A 0.145-kg baseball pitched horizontally at 27 m/s strikes a bat and is popped straight up to a height of 43 m. If the contact time between the bat and the ball is 2.35 ms, calculate the average force [exerted by the bat on the ball] during contact. [Let the positive axis lie along the line from the batter to the pitcher, with the batter at the origin.] Please give magnitude and direction.
im so lost that its not even funny... idk what im doing and it wouldve been better if this person wouldve used numbers instead of letters =(
To calculate the average force exerted by the bat on the ball, we can use the principle of conservation of momentum. The change in momentum of an object is equal to the impulse applied to it.
The impulse acting on the baseball is equal to the average force multiplied by the contact time. Therefore, we need to find the change in momentum of the baseball when it is struck and popped up.

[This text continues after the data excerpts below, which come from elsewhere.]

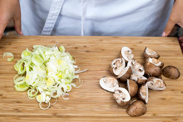 In einem großen Topf ausreichend leicht gesalzenes Wasser für die Tagliatelle zum Kochen bringen. Die Pilze ggf. mit Küchenkrepp oder einer Bürste säubern, die Stiele abschneiden und die Pilze und vierteln. Den Lauch der Länge nach halbieren, gründlich waschen und in feine Streifen schneiden.
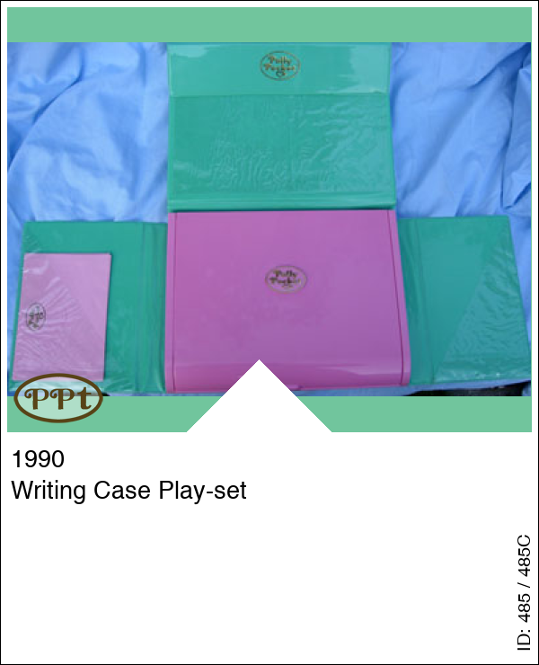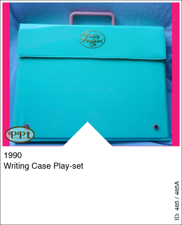 De groene koffer met binnenin de writing-case Als je deze doos open doet dan zie je op de deksel een 16 tal soorten poppetjes die er zijn in de collectie pp, compleet met naam, en ook 9 soorten diertjes, deze hebben geen naam. Verder zitten er vakjes in voor potloden, lineaal, gum, puntenslijper enz. en aan de voorkant kun je spelen met Polly pocket, want daar zie je een slaapkamer met allerlei wasgoed op de vloer, nog een slaapkamer maar deze is netjes, een schrijfkamer met toilettafel en tv en poesje en dan heb je nog een ruimte buiten met steentjes vloer en een auto op de achtergrond. Met baby en Polly met blauw petje op, Titch, Tiny Tina, Minny, 2 potloden, gum, puntenslijper, papier en envelop met logo van Polly pocket.
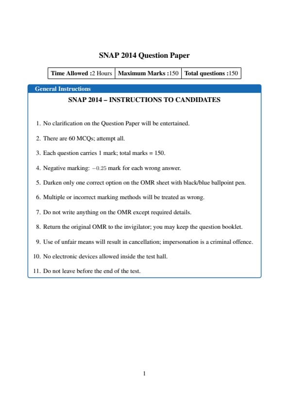 The SNAP 2014 Question Paper is now available for download with answer key and detailed solutions PDF. SNAP is conducted as a computer‑based test and divided into three sections: General English, Quantitative, Data Interpretation & Logical Reasoning. There is no sectional time limit, and each correct answer is awarded one mark, while each incorrect answer incurs a penalty of 0.25 marks.
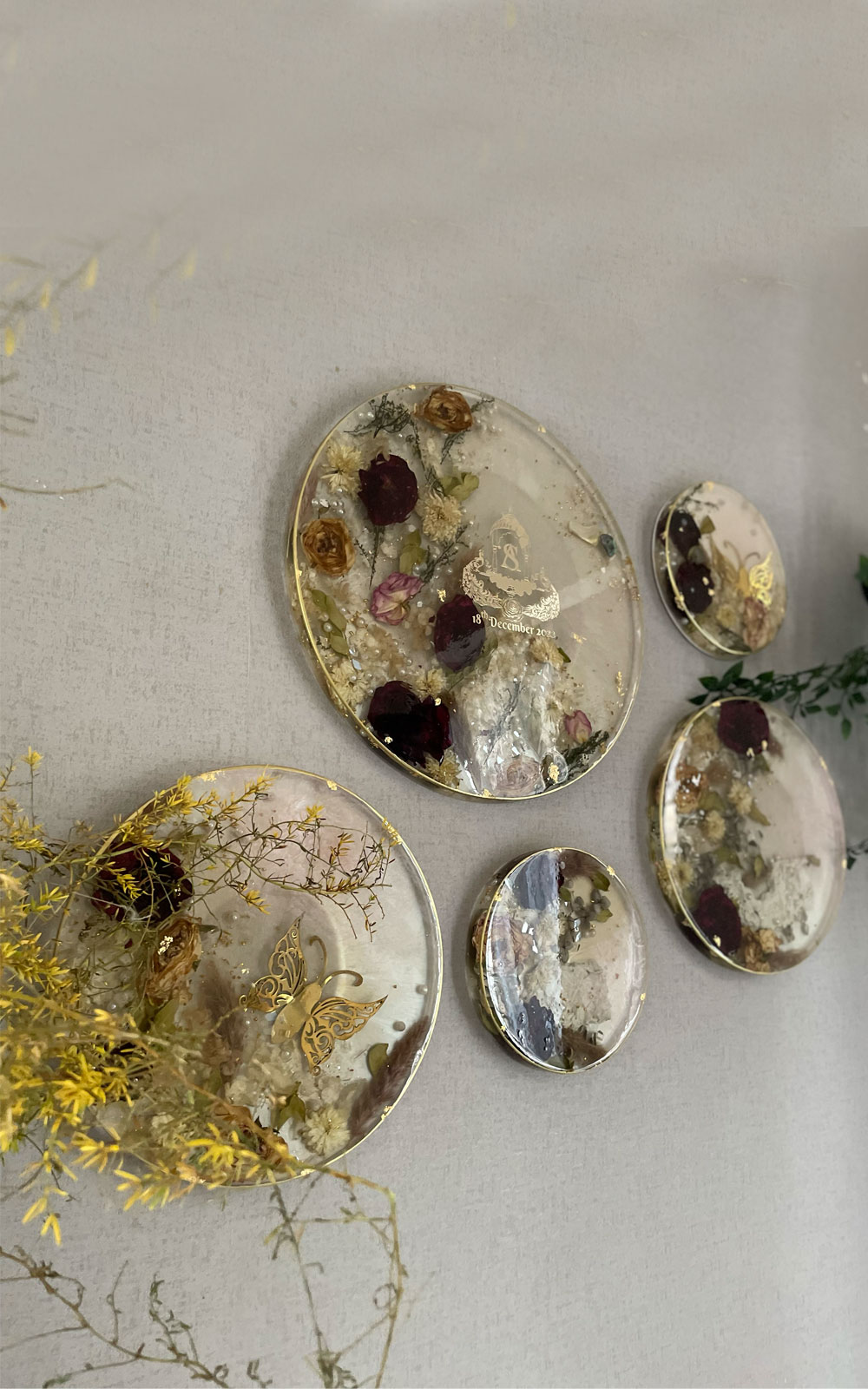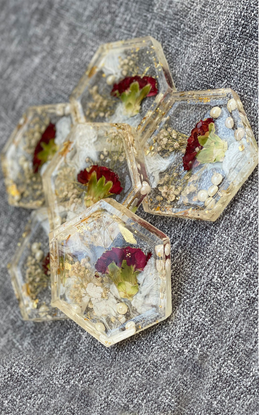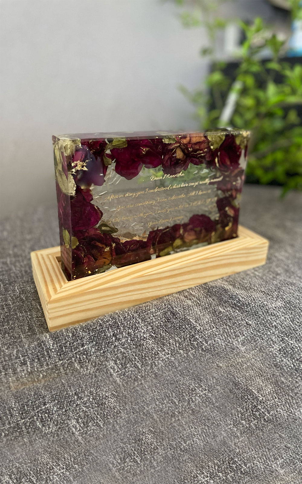 Let us help you encase your memories in the magnificent medium of resin. From personalized wedding invitation boxes to engagement trays to embedding your floral memories from your special occasion in an everlasting, bespoke piece, we can do it all.

The initial momentum of the baseball (before being struck) can be calculated as:
Initial Momentum = mass * initial velocity
m1 * v1 = (0.145 kg) * (27 m/s) = 3.915 kg*m/s (taking upward as the positive direction)
The final momentum of the baseball (after being struck) can be calculated as:
Final Momentum = mass * final velocity
Since the baseball is popped straight up, the final velocity is zero:
m2 * v2 = (0.145 kg) * 0 = 0 kg*m/s
The change in momentum is given by:
Δp = p2 - p1
Δp = 0 - 3.915 kg*m/s = -3.915 kg*m/s
To calculate the average force, we can use the equation:
Average Force = Impulse / Contact Time
Average Force = Δp / Δt
Average Force = (-3.915 kg*m/s) / (2.35 ms) = -1668.085 kg*m/s^2
The magnitude of the average force is approximately 1668.085 N.

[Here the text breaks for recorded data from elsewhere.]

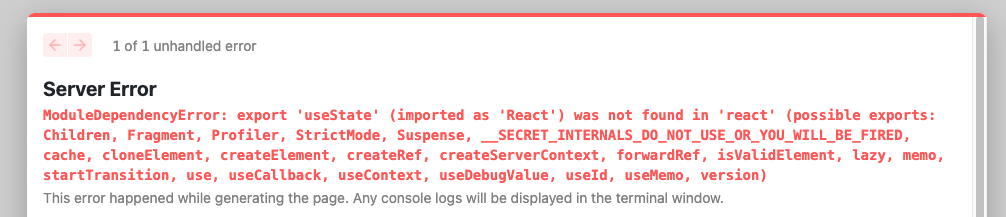 Attempted import error: 'useState' is not exported from 'react' (imported as 'React').
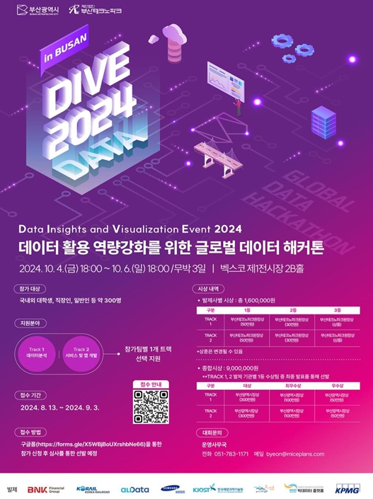 [뉴스서치] 부산시는 올해 처음으로 개최하는 '세계적(글로벌) 데이터 해커톤 대회' '다이브(DIVE) 2024'의 참가자를 오늘(13일)부터 9월 3일까지 모집한다고 밝혔다.
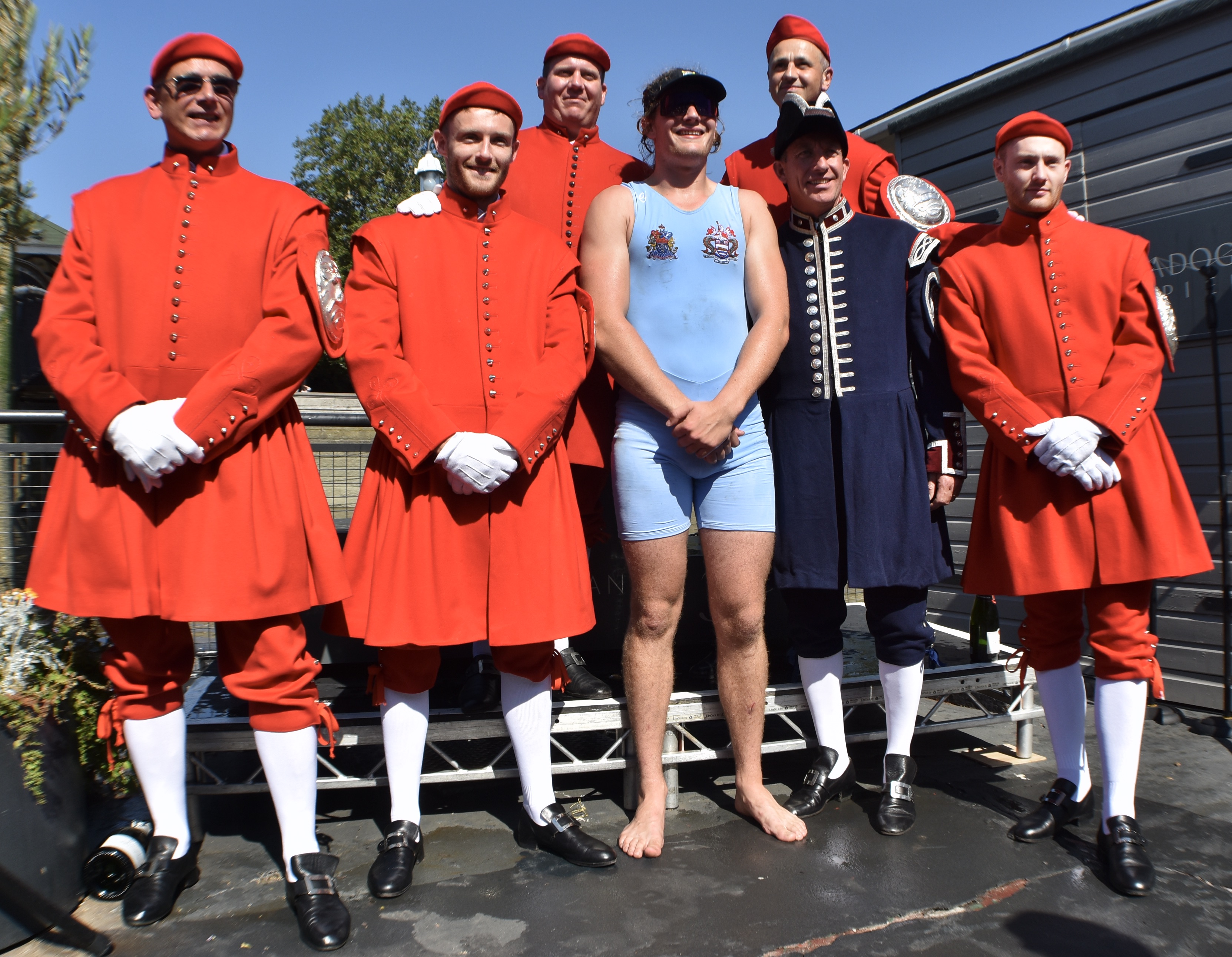 Umpire Robert Prentice won Doggett’s in 1973 and holds the course record. His timekeeper (partly obscured on his right in the above picture) was Ken Dwan, a two-time Olympian, Doggetts winner, six-time Wingfield’s Champion and Diamond Sculls finalist. The Dwan family has the most living Doggett’s winners. Ken is the father of Nicholas (2002) and Robert (2004). His brother, John, won in 1977 as did John’s son, Merlin, in 2012. Eighteen months ago, Ken had a well-publicised near-death experience with COVID.
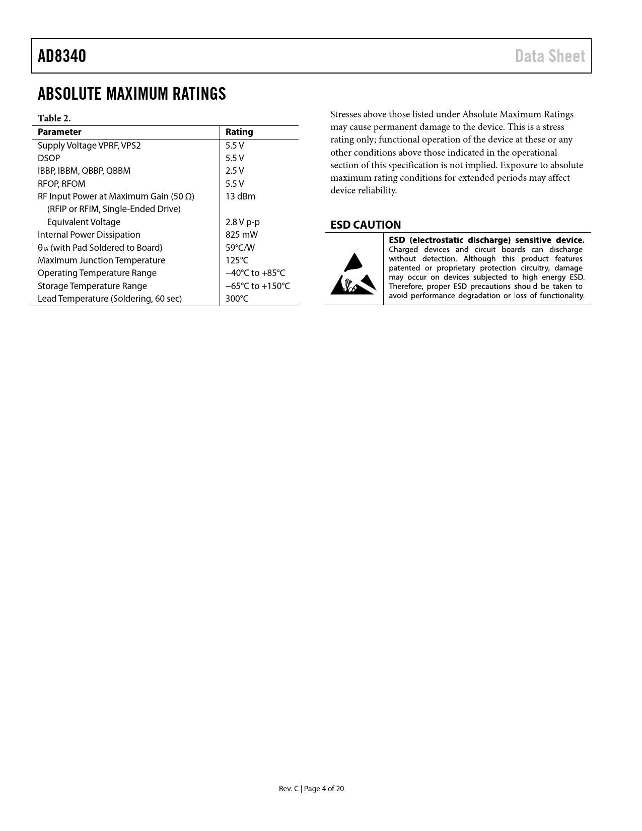 AD8340. Data Sheet. ABSOLUTE MAXIMUM RATINGS Table 2. Parameter. Rating. ESD CAUTION

The direction of the force is negative, indicating that it is applied in the opposite direction of the positive axis (from the batter to the pitcher).
To calculate the average force exerted by the bat on the ball during contact, you can use Newton's second law of motion, which states that force equals mass multiplied by acceleration.
First, let's find the initial velocity of the baseball vertically when it is popped straight up after being struck by the bat. Since the baseball is pitched horizontally, its initial vertical velocity is 0 m/s.
The final velocity of the baseball when it reaches its maximum height is also 0 m/s because at the highest point, it stops momentarily before starting to fall back down.
Using the equation for uniformly accelerated motion in the vertical direction:
v^2 = u^2 + 2as
where:
v = final velocity (0 m/s)
u = initial velocity (0 m/s)
a = acceleration
s = displacement (43 m)
Rearranging the equation, we can solve for acceleration:
a = (v^2 - u^2) / (2s)
a = (0^2 - 0^2) / (2 * 43)
a = 0 / 86
a = 0 m/s^2
Since the acceleration is zero, this means that the baseball traveled at a constant speed in the vertical direction while reaching its maximum height.
Now, let's calculate the initial horizontal velocity of the baseball before it was struck by the bat. The given information tells us that the baseball was pitched horizontally at 27 m/s.
To calculate the average force, we need to find the change in momentum of the baseball. Momentum is the product of mass and velocity.
The change in momentum is equal to the final momentum minus the initial momentum. Since the final velocity in the horizontal direction is also 27 m/s (assuming no other external forces act on the ball after contact), the change in momentum is:
Δp = m * vf - m * vi
where:
m = mass of the baseball (0.145 kg)
vf = final velocity in the horizontal direction (27 m/s)
vi = initial velocity in the horizontal direction (27 m/s)
Δp = 0.145 kg * 27 m/s - 0.145 kg * 27 m/s
Δp = 0 kg·m/s
The change in momentum is zero because the initial and final velocities are the same.
According to Newton's third law of motion, the baseball exerts an equal and opposite force on the bat. Therefore, the average force exerted by the bat on the ball during contact is also zero.
In summary, the magnitude of the average force exerted by the bat on the ball during contact is 0 N, and the direction of the force is zero or no force exerted.
assuming the 27 was really horizontal, then the change in velocity has to be determined.
To get 43m high (that is pretty high)...
1/2 m vi^2=mg(43)
vi=sqrt (86*9.8)
change momentum=massball*deltaV
ok,to get deltaV, deltaV=sqrt(86*9.8) j +27i)
then force= changemometum/time
you get direction from the velocity coordinates.